When Erika Gantt graduated from Harvard Medical School in 1997, hers was the first class in which the number of women outnumbered men. This was touted as proof that women had made significant progress in cracking one of the hardest glass ceilings. It proved that women had finally achieved parity with men in a competitive field at the nation’s premier university. More than 15 years later, the influx of women into medicine is being blamed for exacerbating one of the country’s largest health care problems: the growing doctor shortage.
A study from the Association of American Medical Colleges’ Center for Workforce Studies estimates that by 2020 the U.S. will experience a shortage of more than 90,000 physicians, and 130,000 by 2025. This accelerated shortage in doctors is due in large measure to the millions of aging baby boomers who will need more medical care. There’s also no denying that we aren’t turning out enough doctors to keep pace with population growth. The U.S. population has increased by more than 35 million since 2000, while the number of available residency slots to train new doctors has barely increased.
Although the enrollment rate at medical schools has remained steady, the number of female medical students has increased every year since 1969, when they accounted for just nine percent of all medical students. That number peaked in 2003, at 49.6. In 2012, 47 percent of medical school students and 30 percent of physicians in the workforce were women. The latter is expected to grow significantly as more physicians retire. Here’s a stark reality: Women doctors, in the aggregate, have shorter careers, take more time off and work fewer hours than male doctors. The primary care field is increasingly popular with women, perhaps because residencies are shorter and there are more opportunities for job sharing. Primary care is also the area with the greatest shortage.

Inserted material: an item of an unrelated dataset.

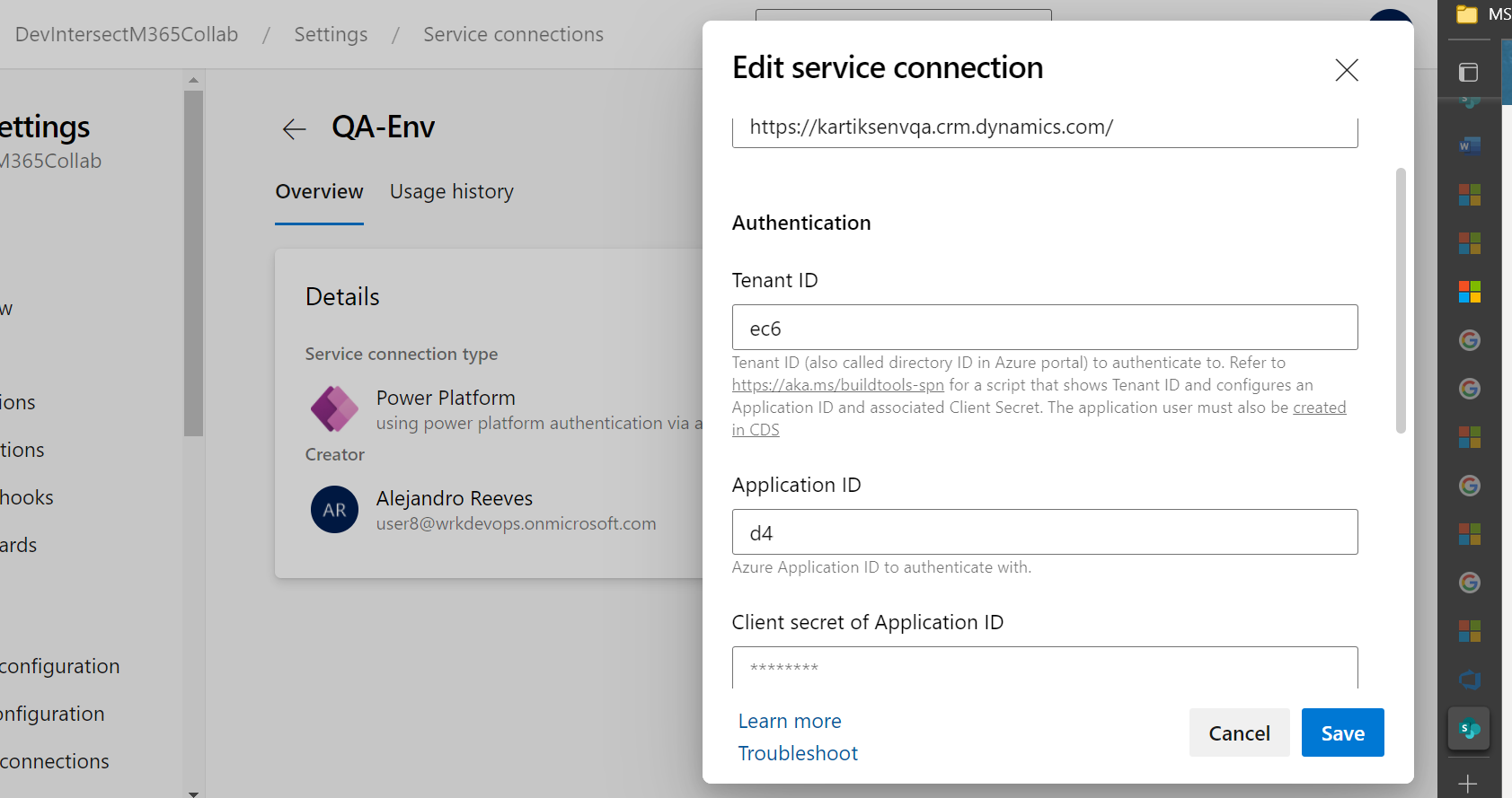 Figure 12: Changed Key Vault values for the Target QA environment

Adding to the problem is the number of cumulative hours doctors work. Since 2005 the part-time physician workforce has expanded by 62 percent. According to 2010 survey data from the American Medical Group Association, nearly four in 10 female doctors between the ages of 35 and 44 work part-time. Another study found that female physicians also tend to work an average of 4.5 fewer hours than their male colleagues. It may be unfair, but this explains why women are blamed for the looming shortage of doctors.

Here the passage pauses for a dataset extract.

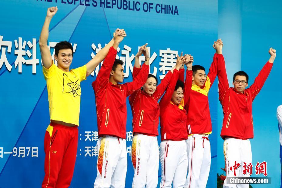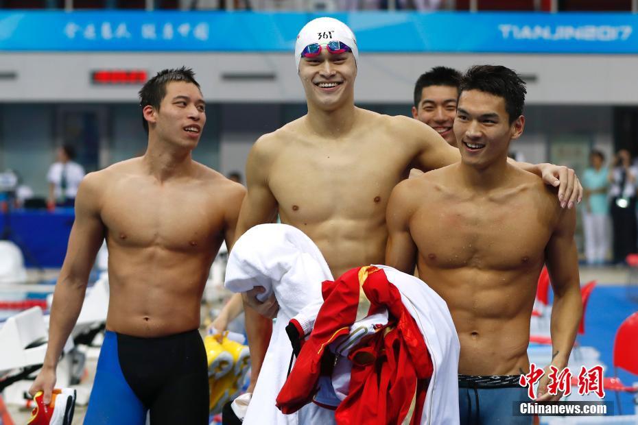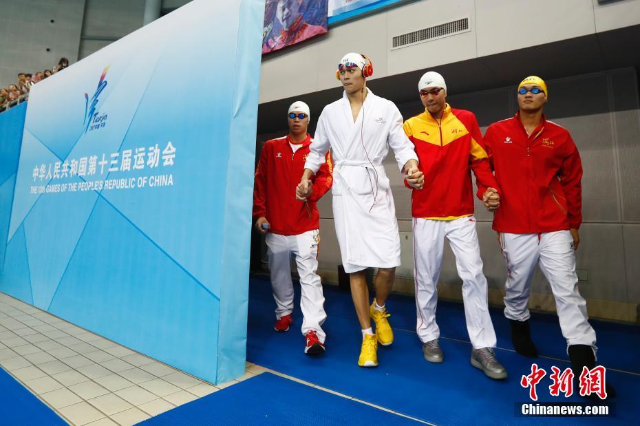9月7日,天津全運會男子4x100米混合泳決賽在天津奧林匹克中心游泳跳水館舉行,由徐嘉余、閆子貝、李朱濠、孫楊組成的浙鄂隊以3分33秒12奪冠。 中新社記者 富田 攝 -

Should medical school admission continue to be gender blind? What happens when these women leave the profession to become stay-at-home moms or decide to work part-time? “We don’t have enough doctors, even today,” said Los Angeles anesthesiologist Karen Sibert in an interview on NPR. “And now the estimates are that for every doctor in their 60s who retires, it’s going to take between one and a half and two doctors to replace him or her because of the expectation that people just don’t have to work as hard.”

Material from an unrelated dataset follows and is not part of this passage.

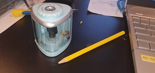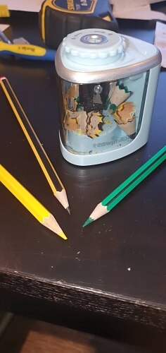 Fantastic sharpener for Primary School Teacher. Sharpens to a fine point in seconds. Takes 2 AA batteries and comes with a replacement blade too!

Gantt, an orthopedic surgeon, believes attempts to blame women for the shortage are wrongheaded and signal a double standard that ignores her male colleagues who choose not to practice. “Becoming a doctor takes so long, I don’t know many women who give it up completely. But many male doctors in my class also leave medicine to go into business and industry such as biotech.”
Gantt’s specialty continues to be dominated by men. Of the 100 partners in her practice, only four are women, a statistic she attributes, in part, to societal attitudes. Even in this highly skilled profession, women are expected to take on a larger share of family responsibilities than their male counterparts. And unlike their male counterparts, many don’t have stay-at-home spouses.
It seems a simple fix would be to just train more doctors, but that’s easier said than done. Medicine differs from other professions because education and training are heavily subsidized by the government and there are only so many slots available. In 1997 Congress imposed a cap on the number of subsidized residencies, the final hurdle to obtaining a medical license. About 34,000 U.S. and international medical school graduates competed for roughly 29,000 available slots last year. Although bills have been introduced to increase that number, those efforts have gone nowhere because the cost is considered prohibitive. Should the country continue to spend its limited resources subsidizing medical training for those who are not in it for the long haul full-time?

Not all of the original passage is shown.